I am delighted to think, because I have been in the South a good deal of late and have studied some of the conditions there, that they are getting better and better for the Negro race in certain respects that are not published to the world, but that really affect very much the conditions of these who live there. In all the growing communities of the South—I mean where there is a touch of the modern and a touch of progress and a touch of civilization—the white men of progress are beginning to appreciate the advantage of having a class like the colored men that they have there. They are anxious that they have an industrial education. They are anxious that they should make their way in the world and show their usefulness in the community. The truth is that the greatest hope that the Negro has, because he lives chiefly in the South, is the friendship and the sympathy of the white men with whom he lives in that neighborhood. I know it is not the habit to think so, but it is growing, and one of the things that misleads us most is the desperate, the extreme statements of white men from the South on the subject, but really they don't mean what they say.

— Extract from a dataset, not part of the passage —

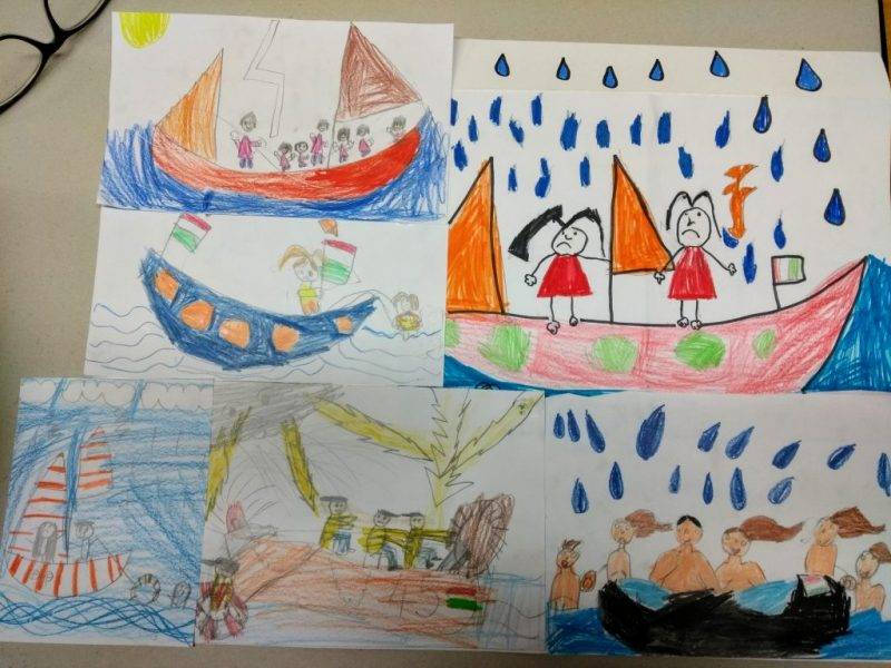 A gyerekek különböző társas kapcsolatokat jelenítettek meg a rajzokon. Elsősorban a család jelent meg a csónakban, de a vízben fuldokló osztálytárs is gyakori volt. Érdekes volt látni, ahogy kötelet és mentőövet rajzoltak a vízben rekedt társaknak. A legtöbben arra törekedtek, hogy minél több embert magukkal tudjanak vinni, de volt olyan gyerek, aki csak magát rajzolta a mentőcsónakba. Miután látta a többiek igyekezetét, ő is elgondolkozott, és rajzolt maga mellé családtagot.

They are the last people that want to be taken literally. They have a theory that it may give them sometimes a little boost politically to talk in extremes and superlatives, but I have heard expressions from leading Negroes in various cities that confirm my judgment that the situation is growing better and better. I remember hearing the Reverend Dr. Walker, that Negro who went abroad and preached in Spurgeon's pulpit and was worthy to preach in that pulpit, express his friendship for the white people of Augusta where I spent five or six weeks, and express his view of the proposition that the Negro race should be moved to some other country than this. He said they were mighty well satisfied to live in Augusta until they went to glory, and that they did not want to go anywhere else until they did go to glory. That is the same sentiment I found in Charlotte and in Petersburg. I don't mean to say that there are not exceptions. I mean to say that those communities that are moving forward are moving forward with a keen eye to progress and that they realize the advantage they have in the presence of the Negro race who are almost their only laborers.

We have a gentleman at the head of the Jeanes trust fund who tells a good story. He said he was in one of the towns—I think it was in North Carolina—where they were bringing in some Italian immigrants and that an old colored man there inquired as to what they were doing. He said they were white men who had come into the country from abroad. "Why," he said, "we's got white men enough already to work for—we can't do no more." Now, the fact is that the progress of the race is outlining itself with great clearness, to me at least, in making itself a useful part of the community where it is, so that it shall not only awaken an altruistic spirit, or spirit of humanity, but, what is a good deal better to tie to, shall awaken the economic spirit of those with whom you live and who value your services as members of the community and know how much you add to its success by being there and being valuable members of that community in accumulation, in your providence and in making the homes that are made in a successful community of Negroes in the South.

It seems to me that the future is in the hands of the race itself. I do not mean to say that cruelties are not to exist in the future, and injustices, and a great many reasons why complaints should be made against the inhumanity of man, but I do mean to say that there never has been a time in the history of the Negro race when the future offered such a basis for belief in your success as a race and for the belief that you have it in your hands to make that success as it is to-day. Everything that I can do as the Executive in the way of helping along this University I expect to do. I expect to do it because I believe it is a debt of the people of the United States, it is an obligation of the Government of the United States, and it is money constitutionally applied to that which shall work out in the end the solution of one of the great problems that God has put upon the people of the United States.